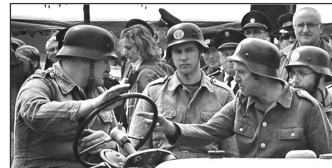
SVOJI HISTORICKOU TECHNIKU PŘEDVEDLI HORŠTÍ HASIČI Z NĚMČIC
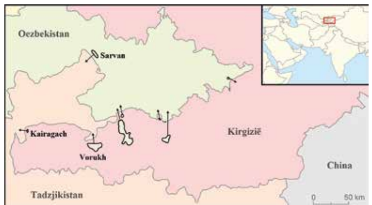
Centraal-Azië telt acht enclaves, waarvan drie Tadzjiekse. https://warontherocks.com

armoedegrens, al is de bodem rijk aan grondstoffen. De in september 2016 overleden president Islam Karimov hield het land in een stevige greep. Oppositieleiders worden gearresteerd en opgesloten, of ze verkiezen zelf een verblijf in het buitenland. Vooral de militante islam wordt stevig onderdrukt. Ook een liberalisering of het invoeren van de democratie wordt op een repressieve wijze en ten koste van godsdienstvrijheid en burgerrechten verhinderd. Radicale Islamisten beweren dat meer dan de helft van de jongeren tot 35 jaar de invoering van de Sharia-wetten wil. In 1998 en 1999 trokken grote groepen extremisten van de 'Islamic Movement of Uzbekistan' (IMU) via Tadzjikistan en Kirgizië naar Oezbekistan. Deze organisatie wou de grensregio veroveren om er een aantal basissen op te richten. Na een drie maanden durende oorlog in 1999 werd de poging verijdeld. Sindsdien wordt vooral de grens met Tadzjikistan zwaar door militairen bewaakt. De IMU pleegt nog altijd terroristische aanslagen en zorgt regelmatig voor gijzelingen en schietpartijen. Sinds een aantal jaren is in het grensgebied ook een Kirgizische beweging
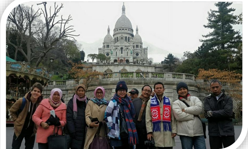
PARIS PRANCIS 2015
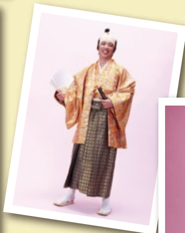
大名セット [コード] 16003-33
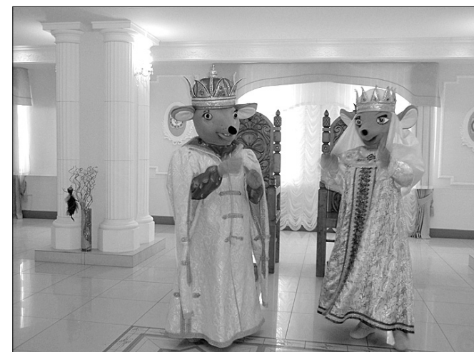
Царь и царица города Мышкина
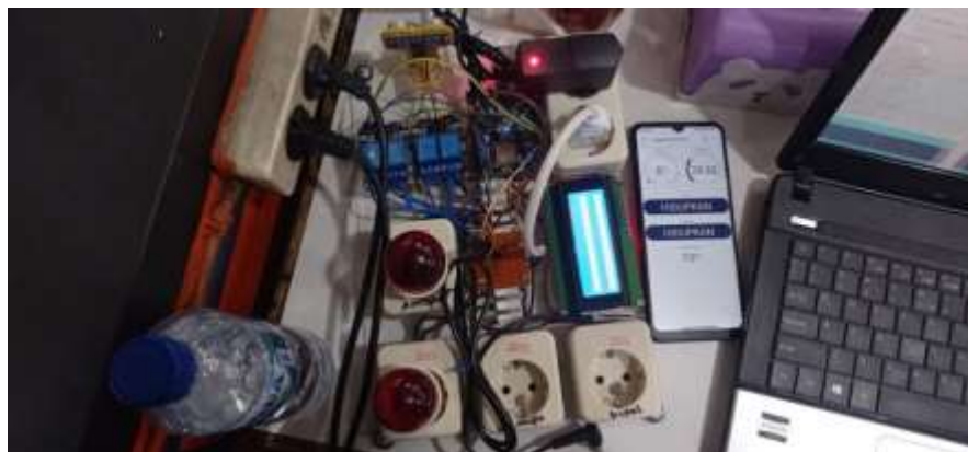
Gambar 4.1. Tampilan Prototipe

Tampilan prototipe secara keseluruhan diperlihatkan pada Gambar 3 berikut. Berdasarkan gambar tersebut seluruh komponen prototipe ditempatkan di atas selembar akrilik.
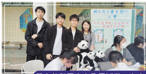
學生參與國家安全日活動，有本校的國家安全文化小組舉辦攤位遊戲
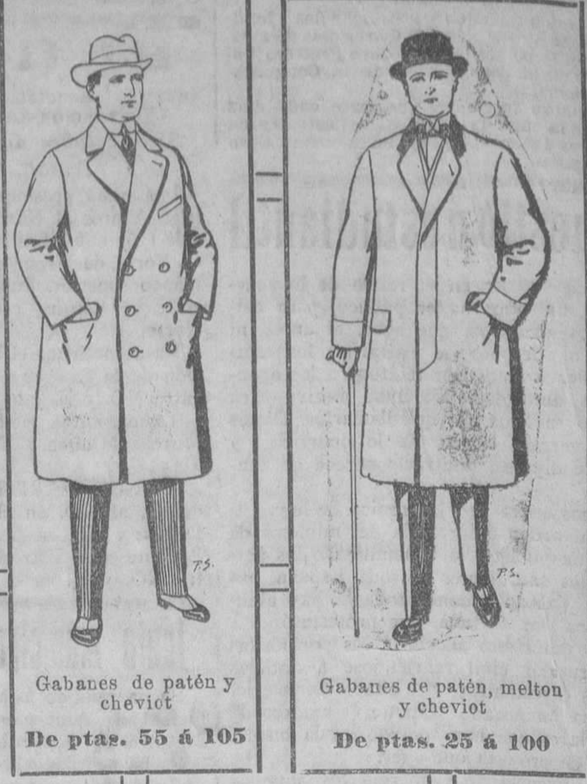
Gabanes de patén y cheviot. De ptas. 55 á 105
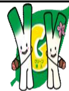
米子市グリーン購入適合紙を使用しています
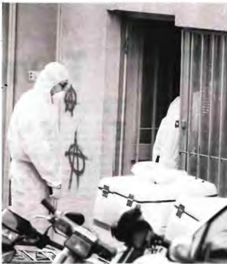
Οι προβολείς διεθνώς πέφτουν στους ελέγχους στις εταιρείες κούριερ για «κόκκινα» δεμάτα
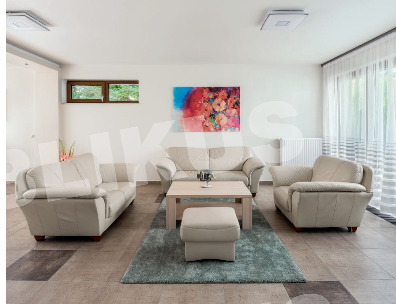
Ideális a konyha és az étkező kapcsolata a közös udvarral, ahol a családok összejöhetnek, míg a saját kertre nyíló nappali intimebb helyzetű.

┄┄┄┄┄┄

Task brief: Each of the lines above should be transcribed exactly; no image is to be copied.

Response:
SVOJI HISTORICKOU TECHNIKU PŘEDVEDLI HORŠTÍ HASIČI Z NĚMČIC
Centraal-Azië telt acht enclaves, waarvan drie Tadzjiekse. https://warontherocks.com

armoedegrens, al is de bodem rijk aan grondstoffen. De in september 2016 overleden president Islam Karimov hield het land in een stevige greep. Oppositieleiders worden gearresteerd en opgesloten, of ze verkiezen zelf een verblijf in het buitenland. Vooral de militante islam wordt stevig onderdrukt. Ook een liberalisering of het invoeren van de democratie wordt op een repressieve wijze en ten koste van godsdienstvrijheid en burgerrechten verhinderd. Radicale Islamisten beweren dat meer dan de helft van de jongeren tot 35 jaar de invoering van de Sharia-wetten wil. In 1998 en 1999 trokken grote groepen extremisten van de 'Islamic Movement of Uzbekistan' (IMU) via Tadzjikistan en Kirgizië naar Oezbekistan. Deze organisatie wou de grensregio veroveren om er een aantal basissen op te richten. Na een drie maanden durende oorlog in 1999 werd de poging verijdeld. Sindsdien wordt vooral de grens met Tadzjikistan zwaar door militairen bewaakt. De IMU pleegt nog altijd terroristische aanslagen en zorgt regelmatig voor gijzelingen en schietpartijen. Sinds een aantal jaren is in het grensgebied ook een Kirgizische beweging
PARIS PRANCIS 2015
大名セット [コード] 16003-33
Царь и царица города Мышкина
Gambar 4.1. Tampilan Prototipe

Tampilan prototipe secara keseluruhan diperlihatkan pada Gambar 3 berikut. Berdasarkan gambar tersebut seluruh komponen prototipe ditempatkan di atas selembar akrilik.
學生參與國家安全日活動，有本校的國家安全文化小組舉辦攤位遊戲
Gabanes de patén y cheviot. De ptas. 55 á 105
米子市グリーン購入適合紙を使用しています
Οι προβολείς διεθνώς πέφτουν στους ελέγχους στις εταιρείες κούριερ για «κόκκινα» δεμάτα
Ideális a konyha és az étkező kapcsolata a közös udvarral, ahol a családok összejöhetnek, míg a saját kertre nyíló nappali intimebb helyzetű.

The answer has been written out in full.